| Issued and entered May 11, 1982 by Nancy A. Baerwaldt, Commissioner
of Insurance
The Insurance Bureau has received reports of the use by some
credit insurers in Michigan of compensating balances or special
deposit accounts in connection either directly or indirectly,
with credit life insurance programs of credit institutions.
For the purposes of these guidelines, compensating balances
or special deposit accounts include:
1. The deposit of premiums to the account of the insurer in
the financial institution for which the insurer provides the
credit insurance program, when such account is controlled by
the institution or is either noninterest-bearing or at a rate
of interest less than usual.
2. Remitting premiums to the insurer after the expiry of the
grace period on a regular basis so that the arrearage period
is constant.
3. The retention of premiums by an agent or broker to whom
the financial institution remits premiums for a period of time
which is not reasonably related to the time needed for the agent
or broker to remit the premium to the insurer, if such delay
is a continuing feature of the premium paying process.

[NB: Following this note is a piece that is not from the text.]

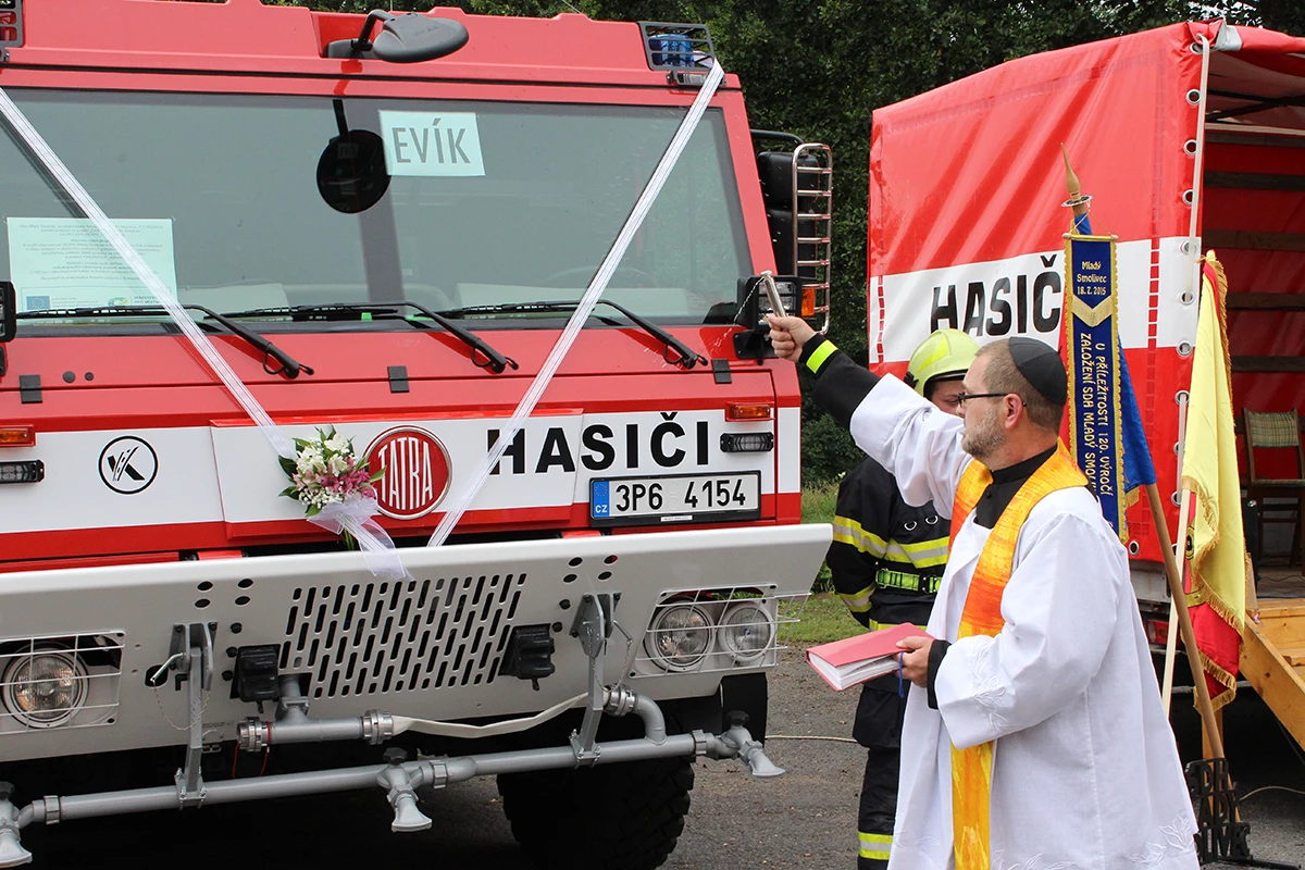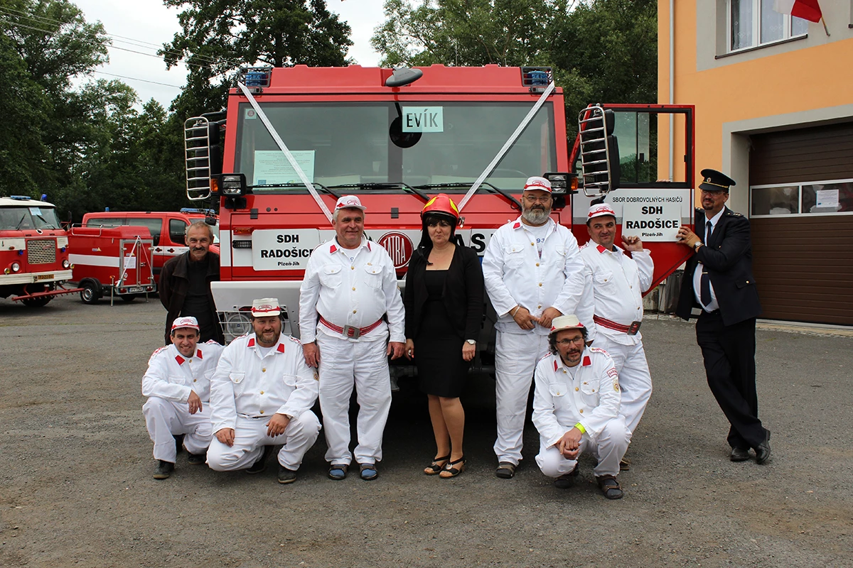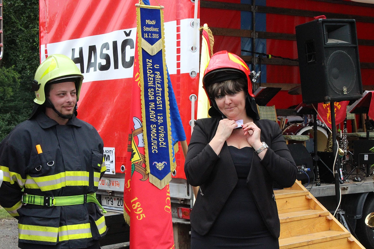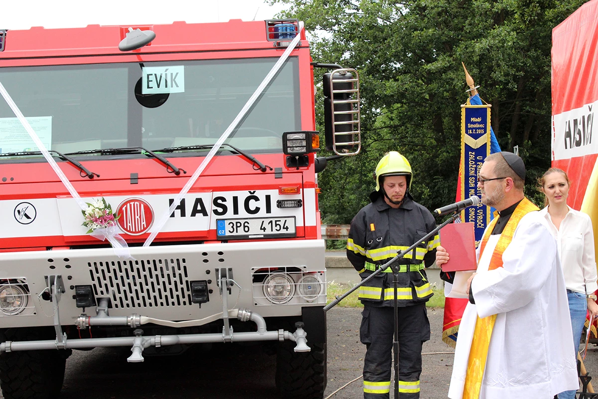 Hasiči obdrželi tři nové dopravní prostředky. Dopravní automobil značky Mercedes Benz s přívěsem značky Agados a velkoobjemovou cisternovou stříkačku značky TATRA 815 -7. Hlavním dodavatelem této techniky byla firma KOBIT, spol. s r.o. Slavnostní předávání začalo úderem druhé hodiny a účastnilo se ho přes stovku pozvaných hostů i místních občanů. Celým odpolednem nás provázela Veronika Kubová. Na slavnosti jsem měla možnost nejprve promluvit já a předat tak novou techniku našim hasičům. Snažila jsem se všechny přítomné seznámit s celým příběhem získání této techniky a všem připomenout význam, který pro nás tento projekt má a jaké finanční prostředky na něj byly vynaloženy. Poté se slova ujal Miroslav Šustr, zastupitel obce a člen výjezdové jednotky. Ocenil nové dopravní prostředky, které výjezdová jednotka získala díky prostředkům EU a Obci Mladý Smolivec a poděkoval za spolupráci s obcí. Poté došlo ke slavnostnímu svěcení vozů, kterého se ujal páter Robert Konrad Paruszewski. Obřad, který si pro naše automobily připravil, byl velice milý a příjemný. Páter Paruszewski vyzdvihl hasiče, kteří sice získali novou techniku, ale tím získali pracovní nástroj, se kterým často musí nasazovat vlastní životy za záchranu životů druhých. Po vysvěcení vozů pozdravil všechny přítomné brigádní generál Ing. František Pavlas. Ve své řeči vysvětlil význam hasičské techniky i v tak malých výjezdových jednotkách, zmínil význam dobrovolných hasičů a jejich přínos společnosti a v neposlední řadě se snažil všem přítomným sdělit, že techniku nezískali pouze hasiči výjezdové jednotky, ale že techniku předně získali občané našich obcí a blízkého okolí, kteří z tohoto projektu a nákupu techniky budou mít největší užitek. Zvýší se totiž dostupnost hasičů při krizových situacích. V závěru slavnosti získaly naše nové dopravní prostředky svá jména, Tatra 815 -7 – „Evík“, Mercedes Benz – „Embéčko“ a přívěs Agados – „Bobík“. Přítomní si mohli novou techniku prohlédnout a k vidění byla i stará technika. Nejen smolivecká CASka „Mates“, ale všechny Avie našich jednotek a samozřejmě nechyběli radošičtí hasiči se svou starou koňmi taženou stříkačkou, kterou doprovázeli v dobových kostýmech.

4. Any other practice which unduly delays receipt of premiums
by the insurer on a regular basis, or which is followed by an
insurer when such practice involves the use of the financial
resources of the insurer for the benefit of the financial institution.
The foregoing criteria apply regardless of whether premiums
are due the insurer on the single premium advance system or
on the monthly outstanding balance system.

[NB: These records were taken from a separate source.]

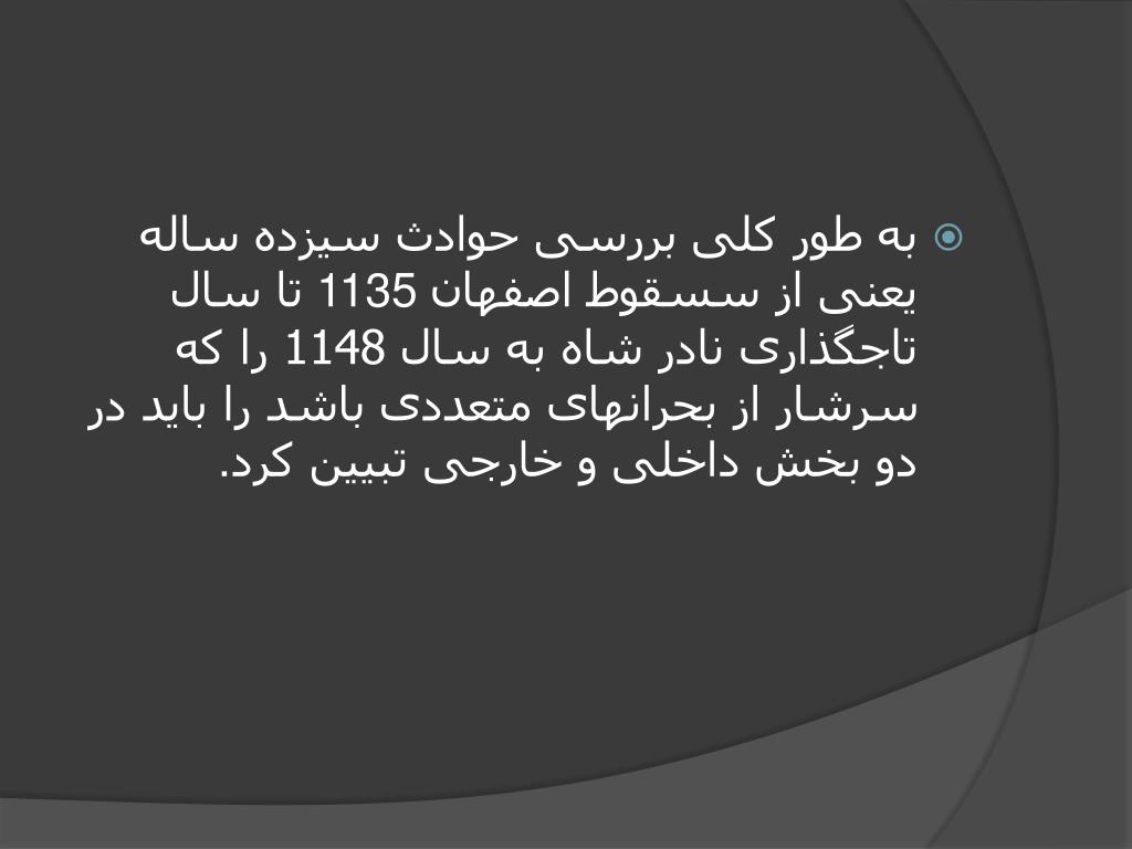 به طور کلی بررسی حوادث سیزده ساله یعنی از سسقوط اصفهان 1135 تا سال تاجگذاری نادر شاه به سال 1148 را که سرشار از بحرانهای متعددی باشد را باید در دو بخش داخلی و خارجی تبیین کرد .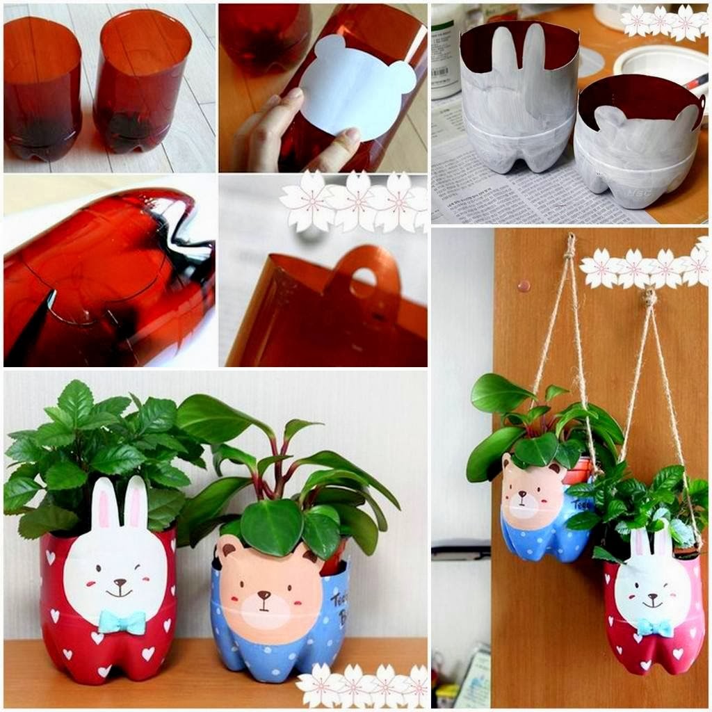 Если вам требуется какой-либо аксессуар для дома, оглядитесь вокруг. Возможно, вы самостоятельно сумеете смастерить оригинальную поделку из подручных средств. На фото показан процесс изготовления цветочного горшка из пластиковой бутылки, обернутой шпагатом.
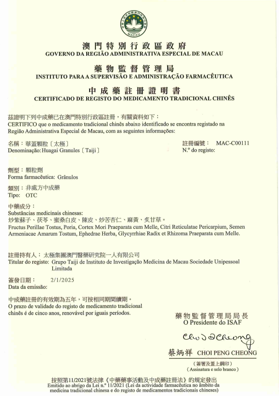 1月2日,国药太极华盖颗粒成功获得澳门药物监督管理局颁发的《中成药注册证明书》,为该局成立后批准的首个经典名方中药复方制剂。太极华盖颗粒处方来源于宋代《太平惠民和剂局方》中的“华盖散”,具有宣肺解表,祛痰止咳的功效,用于素体痰多,肺感风寒,是国药太极呼吸系统领域除“急支糖浆”外又一代表品种。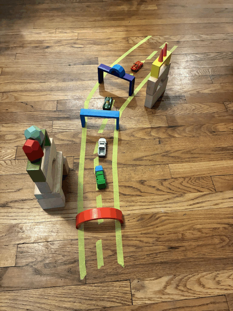5. Town roads– Create roads with the painter’s tape. If possible, do this in a larger open area. Let the children use blocks to build houses and other buildings around the roads to make a town. Then, drive toy cars around the town!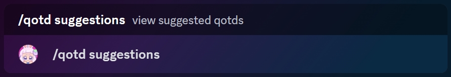 You can see a list of all suggested QOTDs made by community members by using the command /qotd suggestions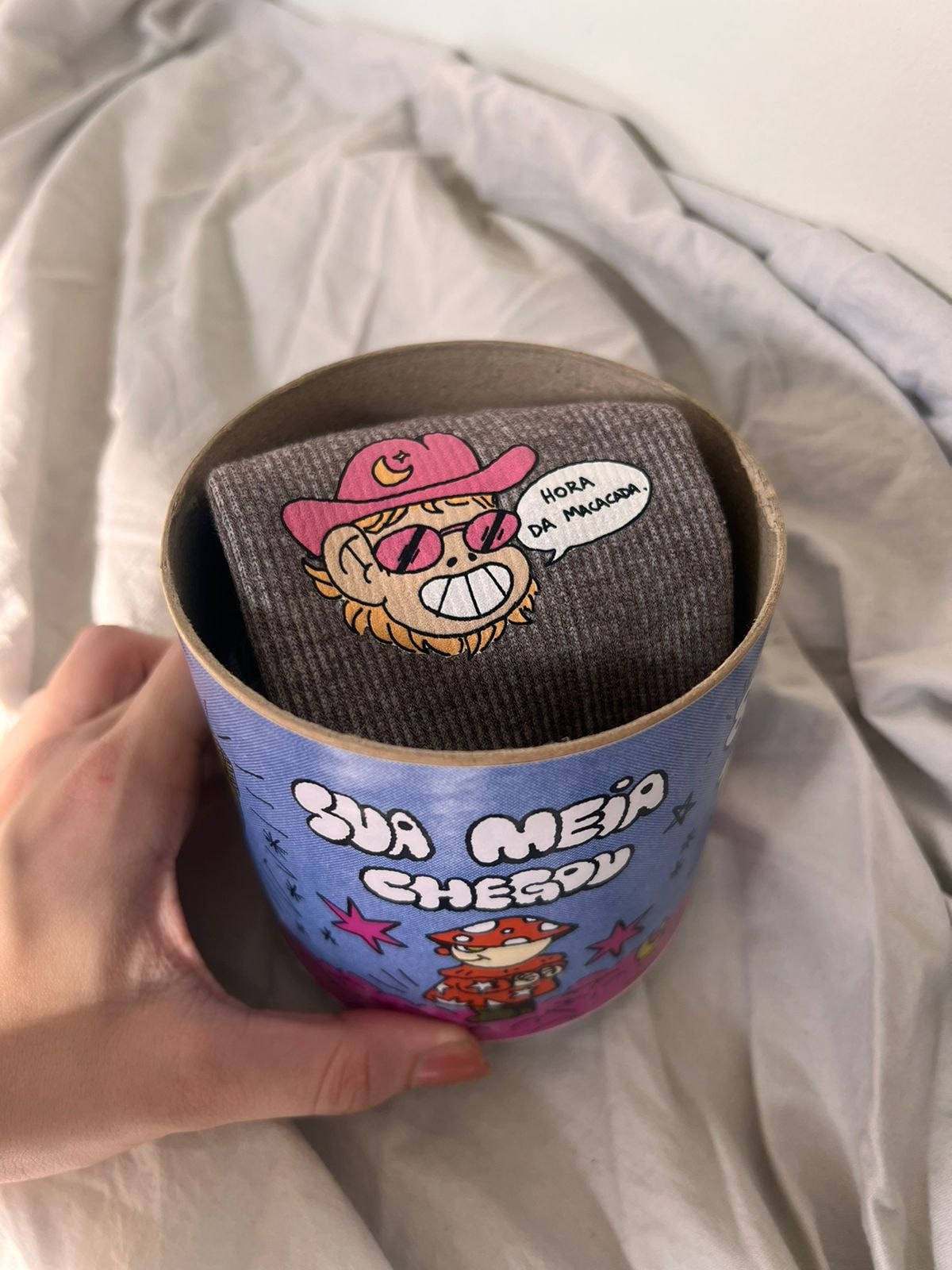 A meia tem costura que possibilita usar a estampa tanto na parte externa quanto na parte interna na perna.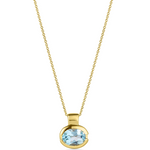 Crafted in Italy from 14ct yellow gold, this beautiful blue topaz pendant is bezel set and strung from a link chain. An understated design that is the perfect layering piece.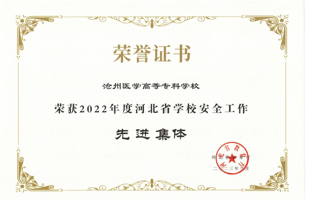 近日,河北省教育厅发布了《关于2022年度全省学校安全工作先进集体和先进个人的通报》(冀教安函〔2023〕11号),我校荣获2022年度河北省学校安全工作先进集体。

The practices described above benefit the institution collecting
the premiums in that the institution has the use of that money
at little or no cost. Section 2024 of the Insurance Code of
1956, as amended (Code), provides:
The following are defined as unfair methods of competition
and unfair and deceptive acts or practices in the business of
insurance:
Except as otherwise expressly provided by law, knowingly permitting
or offering to make or making any contract of life insurance,
life annuity or accident and health insurance, or agreement
as to such contract other than as plainly expressed in the contract
issued thereon, or paying or allowing or giving or
offering to pay, allow, or give, directly or indirectly, as
inducement to such insurance, or annuity, any rebate of premiums
payable on the contract, or any special favor or advantage in
the dividends or other benefits thereon, or any valuable consideration
or inducement whatever not specified in the contract; or giving,
or selling, or purchasing or offering to give, sell, or purchase
as inducement of such insurance or annuity or in connection
therewith, any stocks, bonds, or other securities of any insurance
company or other corporation, association, or partnership, or
any dividends or profits accrued thereon, or anything of value
whatsoever not specified in the contract.

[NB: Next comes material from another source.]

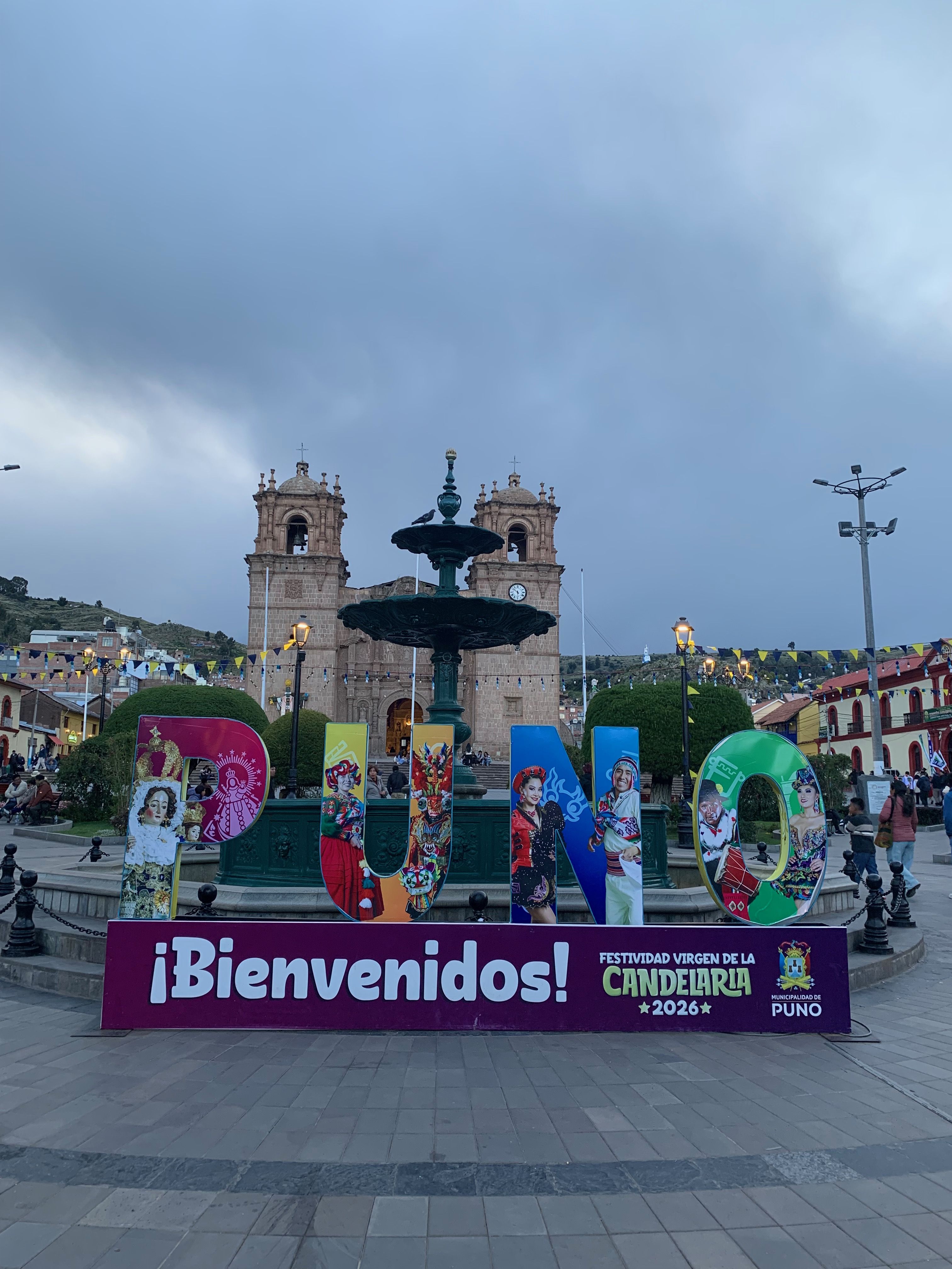 Puno-Schriftzug mit der Stadt im Hintergrund

Section 2066(1) of the Code, MCLA 500.2066(1); MSA 24.12066(1),
includes a similar prohibition. Section 2066(2) of the Code,
MCLA 500.2066(2); MSA 24.12066(2), provides for a mandatory
revocation of the license of an offending party.
It is reasonable to infer that the use of compensating balances
or special deposit accounts is an inducement to insurance. The
Bureau staff shall, upon obtaining proof of the use of compensating
balances or special deposit accounts, and upon ascertaining
that their use is not specified in the applicable insurance
contract, initiate compliance action pursuant to the Administrative
Procedures Act of 1969, as amended (Act), MCLA 24.201 et seq;
MSA 3.560(101) et seq, and the Code, MCLA 500.100 et seq, MSA
24.1100 et seq.
Nothing in these guidelines shall prevent an insurer from
making deposits in a financial institution which are related
to a credit insurance program in an amount of up to 3 months'
expected claims for purposes of drawing drafts for claims payments,
provided such procedure is available to all creditors of a given
minimum size. Also, nothing in these guidelines shall prevent
the insurer from making deposits in a financial institution
which are not related to a credit insurance program.
RIGHTS AND PROCEDURES
The guidelines in this bulletin shall become effective June
15, 1982. In conformity with Section 3(6) of the Act, MCLA 24.203(6);
MSA 2.560(103)(6), these guidelines are a statement of policy
which the agency intends to follow, which does not have the
force or effect of law, and which binds the agency but does
not bind any other person. The operation of this bulletin does
not suspend operation of any guidelines currently in effect.